Provided information:

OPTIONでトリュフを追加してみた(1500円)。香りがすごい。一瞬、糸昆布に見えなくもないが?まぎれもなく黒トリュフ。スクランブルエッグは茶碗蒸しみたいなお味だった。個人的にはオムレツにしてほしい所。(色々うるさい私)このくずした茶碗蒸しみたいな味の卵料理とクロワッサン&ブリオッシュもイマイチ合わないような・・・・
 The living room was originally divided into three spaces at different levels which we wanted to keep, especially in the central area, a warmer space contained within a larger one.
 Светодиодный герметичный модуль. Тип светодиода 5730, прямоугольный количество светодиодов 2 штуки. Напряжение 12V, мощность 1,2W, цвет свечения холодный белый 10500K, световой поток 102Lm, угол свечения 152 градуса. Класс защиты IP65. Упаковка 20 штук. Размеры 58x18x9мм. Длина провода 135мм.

---

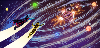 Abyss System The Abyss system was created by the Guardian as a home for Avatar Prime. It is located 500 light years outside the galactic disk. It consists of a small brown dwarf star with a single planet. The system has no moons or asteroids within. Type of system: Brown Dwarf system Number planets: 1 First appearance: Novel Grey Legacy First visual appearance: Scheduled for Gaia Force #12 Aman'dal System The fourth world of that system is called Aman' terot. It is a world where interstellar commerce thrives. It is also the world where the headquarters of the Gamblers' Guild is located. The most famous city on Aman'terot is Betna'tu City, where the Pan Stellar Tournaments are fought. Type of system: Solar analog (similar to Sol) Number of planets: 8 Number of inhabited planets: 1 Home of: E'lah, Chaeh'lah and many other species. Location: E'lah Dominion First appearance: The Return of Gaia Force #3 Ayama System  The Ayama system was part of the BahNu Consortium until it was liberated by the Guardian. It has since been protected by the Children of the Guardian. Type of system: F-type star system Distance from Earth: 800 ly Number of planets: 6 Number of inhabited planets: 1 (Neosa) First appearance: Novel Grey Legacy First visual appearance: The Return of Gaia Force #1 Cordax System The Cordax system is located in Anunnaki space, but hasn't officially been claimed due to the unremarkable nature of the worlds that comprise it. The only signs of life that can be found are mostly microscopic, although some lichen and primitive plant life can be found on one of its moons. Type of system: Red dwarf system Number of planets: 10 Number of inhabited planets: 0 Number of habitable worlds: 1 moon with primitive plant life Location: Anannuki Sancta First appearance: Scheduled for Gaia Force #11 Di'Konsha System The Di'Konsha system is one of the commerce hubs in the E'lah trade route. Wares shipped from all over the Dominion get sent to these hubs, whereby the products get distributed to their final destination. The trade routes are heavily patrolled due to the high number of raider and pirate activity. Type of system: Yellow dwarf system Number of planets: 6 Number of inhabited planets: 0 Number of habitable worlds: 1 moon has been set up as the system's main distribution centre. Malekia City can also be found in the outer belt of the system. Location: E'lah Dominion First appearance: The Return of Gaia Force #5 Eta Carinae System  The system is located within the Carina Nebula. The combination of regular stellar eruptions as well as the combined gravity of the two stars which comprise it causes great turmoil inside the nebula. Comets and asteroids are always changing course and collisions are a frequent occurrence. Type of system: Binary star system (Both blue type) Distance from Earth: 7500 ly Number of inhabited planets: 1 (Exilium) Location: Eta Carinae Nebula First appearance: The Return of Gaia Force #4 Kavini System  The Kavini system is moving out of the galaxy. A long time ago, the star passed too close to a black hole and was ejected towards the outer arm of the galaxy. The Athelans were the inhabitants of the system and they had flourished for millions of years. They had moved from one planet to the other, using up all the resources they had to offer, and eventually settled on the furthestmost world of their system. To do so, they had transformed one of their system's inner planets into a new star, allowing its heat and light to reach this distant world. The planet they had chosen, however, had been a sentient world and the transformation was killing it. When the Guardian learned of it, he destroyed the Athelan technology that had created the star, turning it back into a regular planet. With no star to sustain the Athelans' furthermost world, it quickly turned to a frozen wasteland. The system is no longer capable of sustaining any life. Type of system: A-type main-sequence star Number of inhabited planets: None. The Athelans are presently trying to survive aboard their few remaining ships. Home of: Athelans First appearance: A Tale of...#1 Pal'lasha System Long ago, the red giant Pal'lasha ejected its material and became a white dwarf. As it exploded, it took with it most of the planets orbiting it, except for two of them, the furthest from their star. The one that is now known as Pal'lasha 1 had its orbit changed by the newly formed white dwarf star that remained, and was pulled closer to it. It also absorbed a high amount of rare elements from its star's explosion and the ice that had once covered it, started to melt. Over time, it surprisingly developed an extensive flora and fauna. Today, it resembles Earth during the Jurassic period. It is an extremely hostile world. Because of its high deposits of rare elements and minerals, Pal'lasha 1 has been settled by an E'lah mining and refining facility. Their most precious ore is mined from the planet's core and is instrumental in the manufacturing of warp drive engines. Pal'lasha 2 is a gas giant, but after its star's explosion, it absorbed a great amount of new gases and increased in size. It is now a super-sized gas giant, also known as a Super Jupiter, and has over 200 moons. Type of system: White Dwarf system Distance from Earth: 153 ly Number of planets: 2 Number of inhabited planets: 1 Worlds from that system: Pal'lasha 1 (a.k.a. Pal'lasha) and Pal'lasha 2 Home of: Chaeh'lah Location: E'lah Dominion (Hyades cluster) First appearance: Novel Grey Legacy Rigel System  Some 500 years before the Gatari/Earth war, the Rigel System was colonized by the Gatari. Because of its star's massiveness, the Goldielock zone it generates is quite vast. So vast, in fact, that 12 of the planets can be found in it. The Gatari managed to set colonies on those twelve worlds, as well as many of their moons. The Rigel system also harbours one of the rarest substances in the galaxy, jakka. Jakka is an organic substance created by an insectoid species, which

Exercise objective:
Out of the data above, transcribe exactly and only the lines starting with the line that has "OPTIONでトリュフを追加" and going on through the line that has "Светодиодный герметичный модуль.", both included.

Written solution:
OPTIONでトリュフを追加してみた(1500円)。香りがすごい。一瞬、糸昆布に見えなくもないが?まぎれもなく黒トリュフ。スクランブルエッグは茶碗蒸しみたいなお味だった。個人的にはオムレツにしてほしい所。(色々うるさい私)このくずした茶碗蒸しみたいな味の卵料理とクロワッサン&ブリオッシュもイマイチ合わないような・・・・
 The living room was originally divided into three spaces at different levels which we wanted to keep, especially in the central area, a warmer space contained within a larger one.
 Светодиодный герметичный модуль. Тип светодиода 5730, прямоугольный количество светодиодов 2 штуки. Напряжение 12V, мощность 1,2W, цвет свечения холодный белый 10500K, световой поток 102Lm, угол свечения 152 градуса. Класс защиты IP65. Упаковка 20 штук. Размеры 58x18x9мм. Длина провода 135мм.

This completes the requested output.